6th of March 2023
~
Dear Reader,
Will be sharing an article from the archive.
~
In our Cognitive Psychology class last week, we started talking about memory. Memory has something to do with our past experiences that in any way can influence how a person thinks or is behaving now and or in the future (Joordens, 2011). Okay, let us not go through its analytical explanation, but a memory, despite its intangibility, allows us to be sad, be happy, and or be excited by simply remembering something in the past.
Imagine if you don’t have any memory, well I was reading John Maxwell’s book ‘The 15 Invaluable Law of Growth” he mentioned a person named Henry M which was a famous neuropsychology case documented in 1957. Mr. Henry M was suffering from epilepsy and it paved way for him to undergo surgery by removing a part of his brain. However, the side effect of this surgery, though his epilepsy was not apparent anymore, Mr. Henry M have seemed to lose his short-term memory.

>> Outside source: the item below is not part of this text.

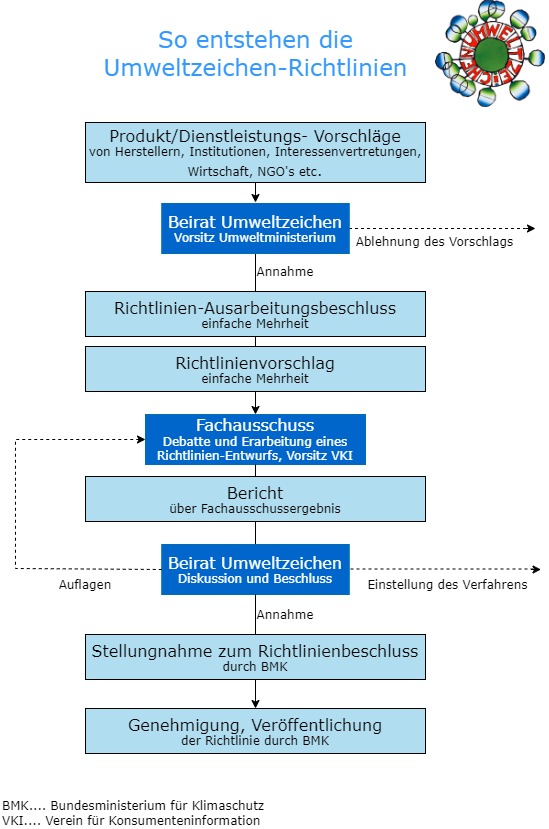 Eine Umweltzeichen-Richtlinie wird vom "Beirat Umweltzeichen", einem Beratungsgremium des Umweltministers, vorgeschlagen. Erarbeitet wird sie von einem Fachausschuss unter Vorsitz des Vereins für Konsumenteninformation (VKI).

Until then, he could not remember anything that he just did. For example, he could not remember his way to the bathroom, he could not remember that they moved into a new neighborhood, and if you both have lunch together, whatever you two have been discussing, he could not recall and or remember the topic and yes, he could not remember that he was done eating. Mr. Henry M was stuck in time.
Now, can you imagine yourself in the position of Mr. Henry M? Better not. Well, if you can still remember what you did this day and thus it makes you happy, that’s amazing! You have the opportunity to store it within you and make it something that would inspire you tomorrow.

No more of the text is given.